Khrushchev could act like the USSR was on an island, Putin can't. He keeps pushing and he will be dealing with more than just bread lines.

Jonathan Allison 8 years, 3 months ago

"The 1990s called. They want their foreign policy back." - President Obama

I wonder how many votes this comment won for the president...

Jack Wilson 8 years, 3 months ago

So I make a joking comment to posters that I have exchanged comments with before -- Suzi and Rodney .. noted as "just kidding" about "commies" and "better dead than red" after they post in Russian, and it gets removed. I noted that this is now 2014 as comparison.

It was meant in the tone that there is a big difference in the last 30 years. Now we have someone from the former USSR on our college campus and two posters typing in Russian.

I can't even imagine that such a comment is inappropriate or controversial. Whoever decides which comments are removed needs to open their minds a little bit here.

But let me hit on something else -- is it controversial or inappropriate to say "better dead than red"? Actually, I would suggest that such a statement is completely reasonable. I was turning 18 in the mid-80s, registered for the selective service, and would not have thought twice about fighting the USSR and communism. Perhaps the person that deleted my post was not even born at that time. But for those of us that were, that feeling sticks with us. And I feel the same way today.

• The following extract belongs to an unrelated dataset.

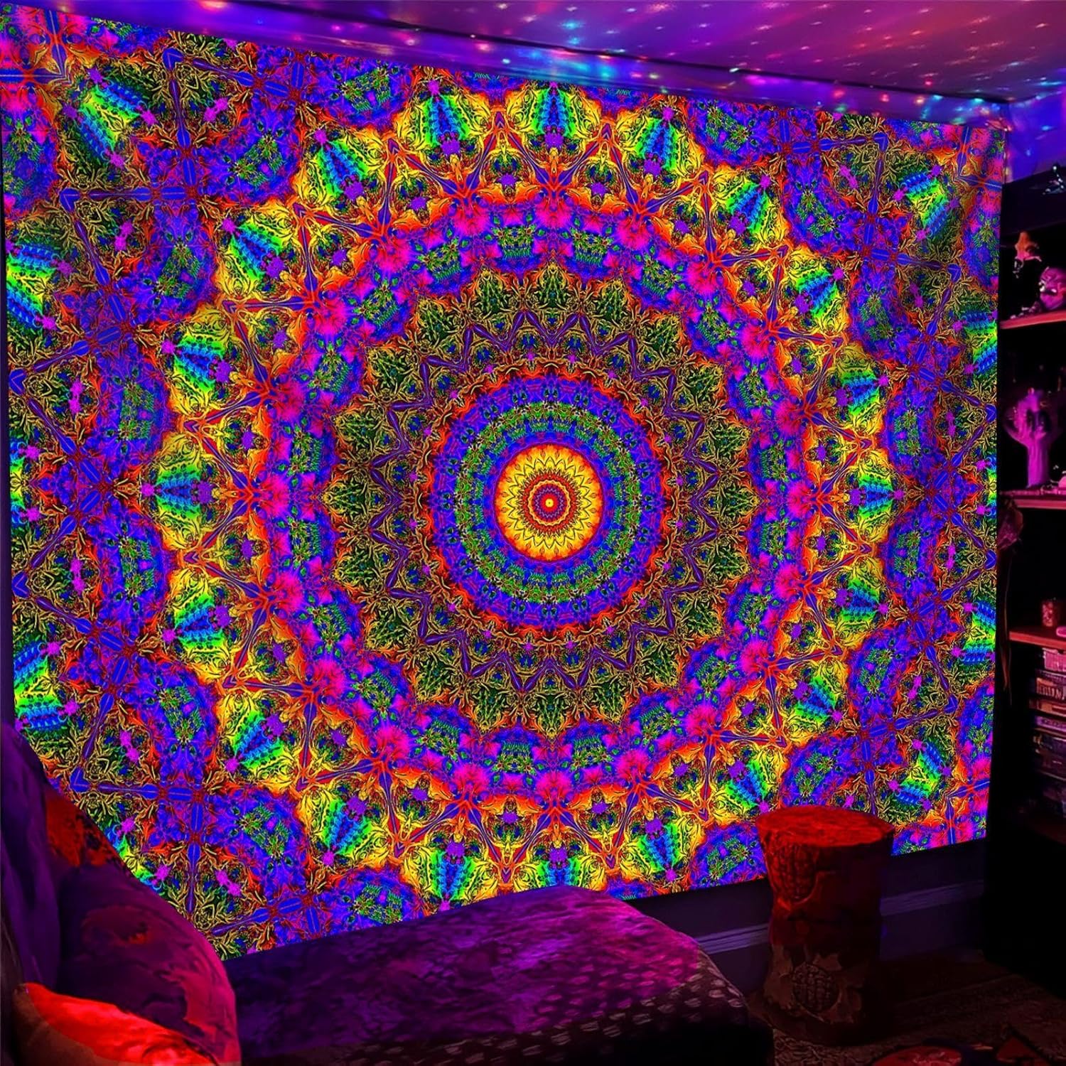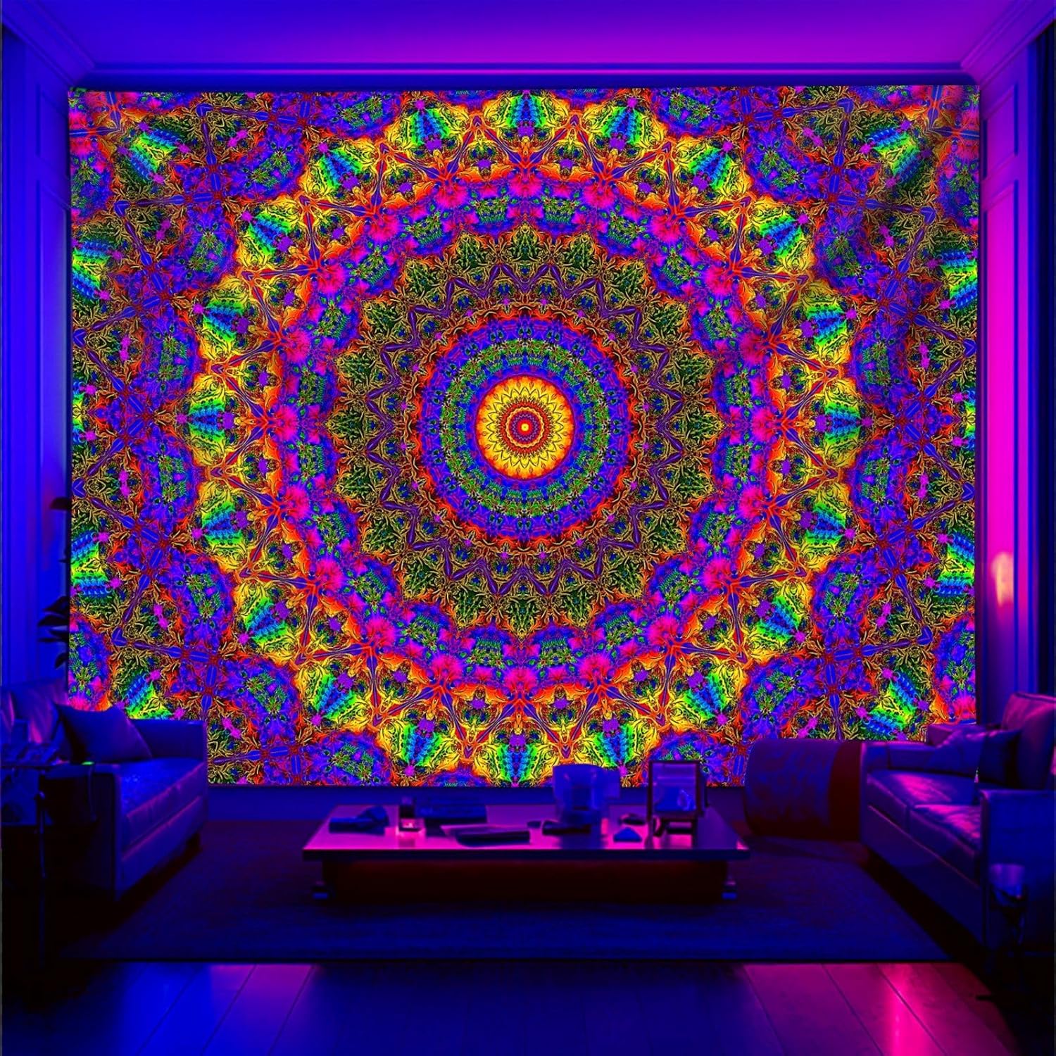 PSYHILAR Blacklight Mandala Boho Tapestry, Black Light Bohemian Hippie Poster for Adults and Teens, Aesthetic Colorful UV Reactive Wall Art Decor for Bedroom (80 x 60 Inches)
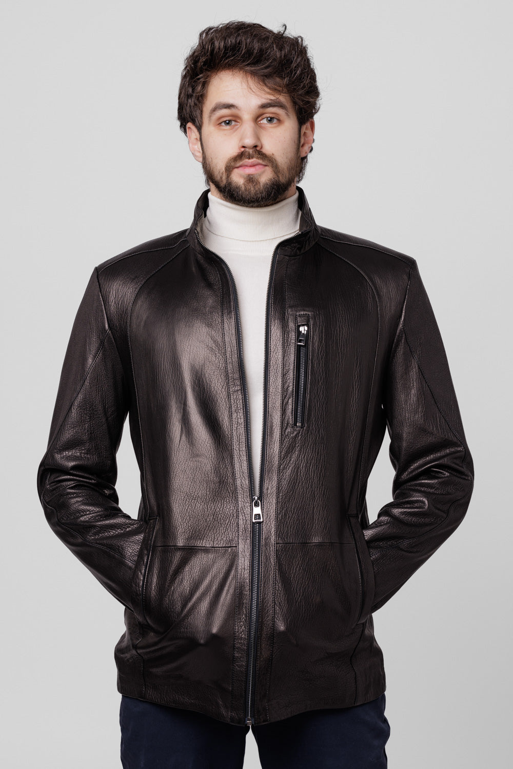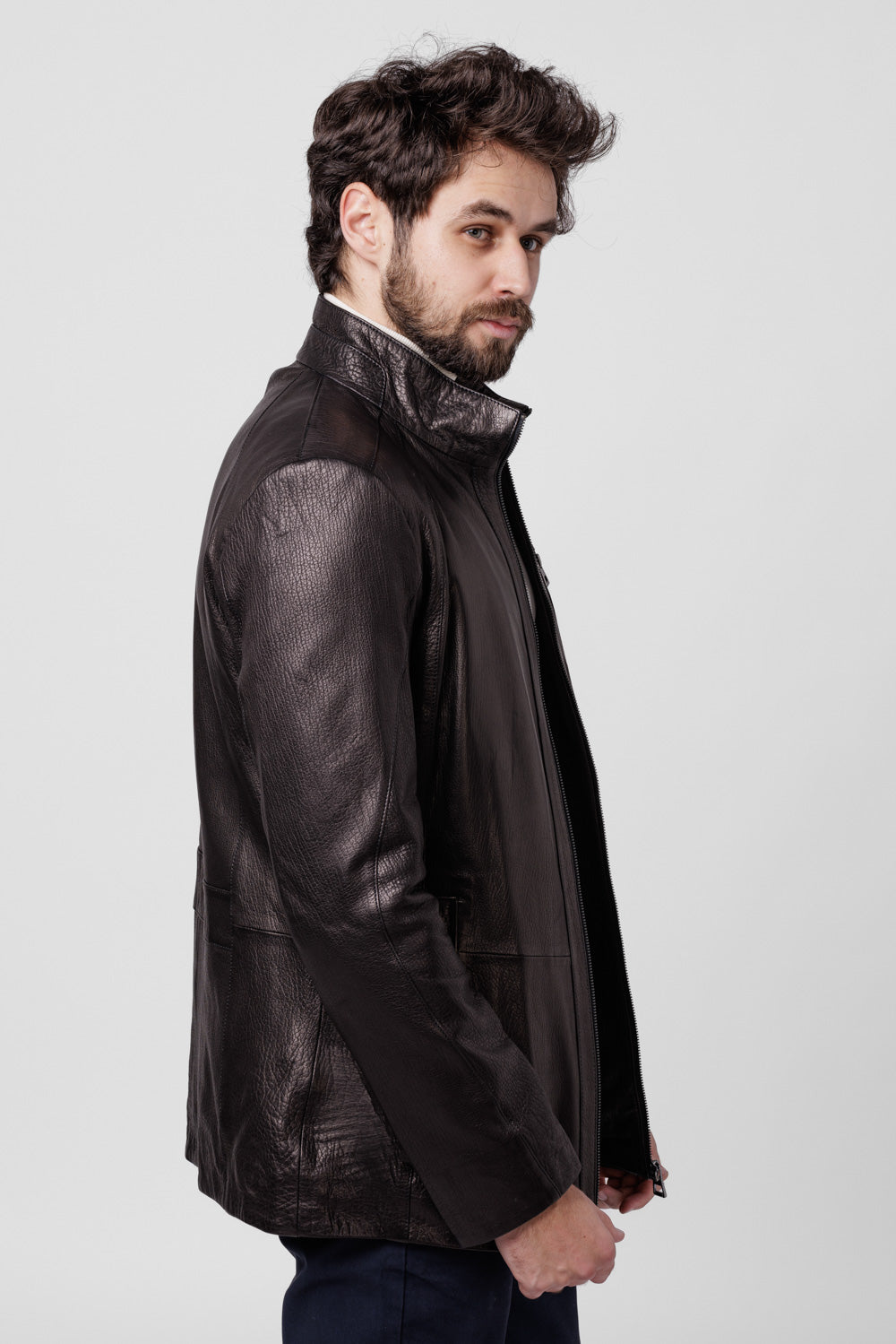 Cu o croială clasică și detalii atent lucrate, precum buzunarele laterale și închiderea cu fermoar, această geacă oferă un echilibru perfect între stil și funcționalitate. Este un element esențial în garderoba oricărui bărbat care dorește să își completeze ținutele cu o notă de rafinament și robustețe.

Jack Wilson 8 years, 2 months ago

Звичайно, чому не повинен я помічаю, що?

Rodney Crain 8 years, 2 months ago

Jack, Вы нашли Google Translate, да? :)

Suzi Marshall 8 years, 2 months ago

Я сподіваюся, що ми не збираємося робити це весь сезон!

Rodney Crain 8 years, 2 months ago

Ні, ні, це занадто багато роботи LOL

Rodney Crain 8 years, 2 months ago

I was not sure so my "welcome" comments were in Ukrainian, and the other in Russian (cyrillic), just to cover both bases.